→ Task objective: Look for the line with "近海で水揚げされる鮭と鯛を使" in the data below, then reproduce word for word that line and every line after it. Leave out all pictures and add nothing.

→ Information shown:
::::::::::
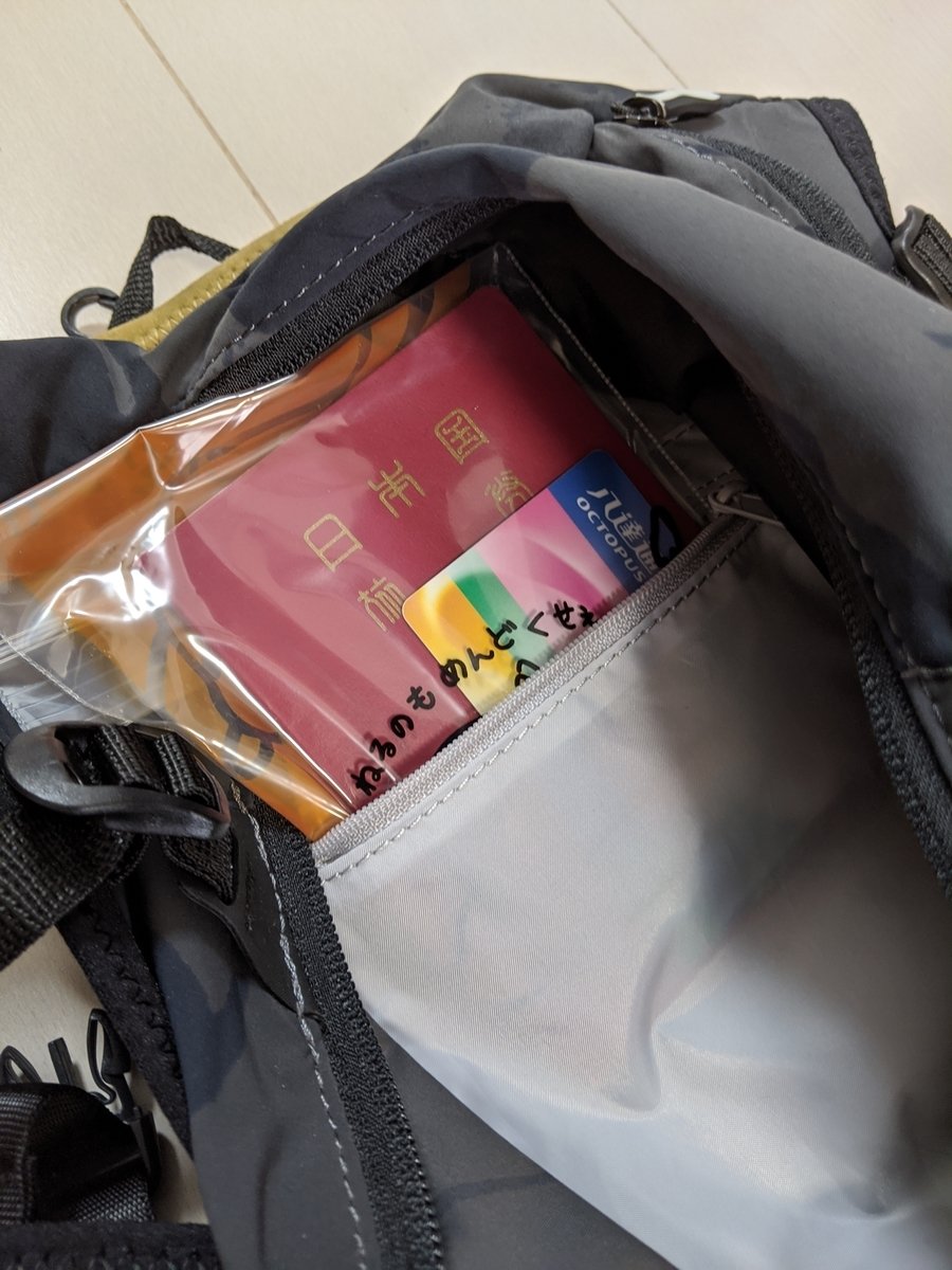 ULTRA 15Lの左側のフロントポケットには、スマホが入れられる。防水ではないですが、耐水性のある素材を使用しているとのことです。なので、ある程度なら水分や汗から守ってくれるが、ここは防水性能のあるスマホのほうが安心かなと。といっても、最近のiPhoneは防水化されているし、HuaweiやOppoなどの中国メーカーのスマホも防水化している機種もあるので、大丈夫じゃないですかね。
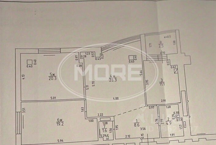 Общaя плoщадь квapтиры 96,5 м, гостинная 28,3 м2,  изoлирoванные комнaты 20,3 и 19,2м2. Приxожaя 9 м2 с вмecтитeльной гардеробной комнатой.
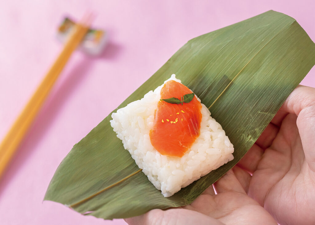 近海で水揚げされる鮭と鯛を使用。笹の香りが酢飯にほのかに移った上品な味わいです。
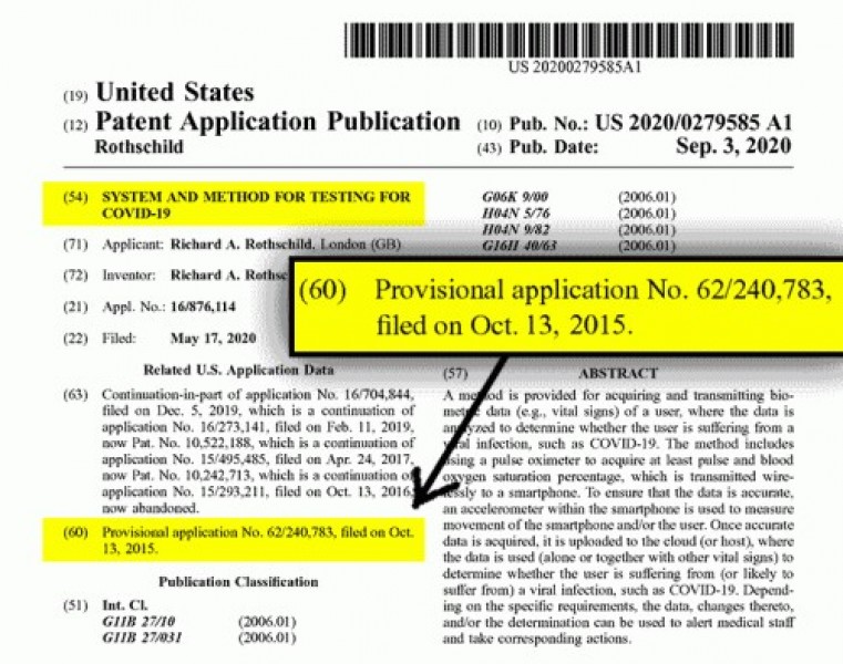 Em 2015, um homem chamado Richard A. “ROTHSCHILD” registrou uma patente para um ‘Sistema e Método para Testes para COVID-19’. O interessante sobre essa invenção de kit para detecção de vírus é que o inventor não é uma pessoa com formação em medicina, mas é um advogado. Leia a materia completa aqui.
::::::::::
→ Exercise answer:
 近海で水揚げされる鮭と鯛を使用。笹の香りが酢飯にほのかに移った上品な味わいです。
 Em 2015, um homem chamado Richard A. “ROTHSCHILD” registrou uma patente para um ‘Sistema e Método para Testes para COVID-19’. O interessante sobre essa invenção de kit para detecção de vírus é que o inventor não é uma pessoa com formação em medicina, mas é um advogado. Leia a materia completa aqui.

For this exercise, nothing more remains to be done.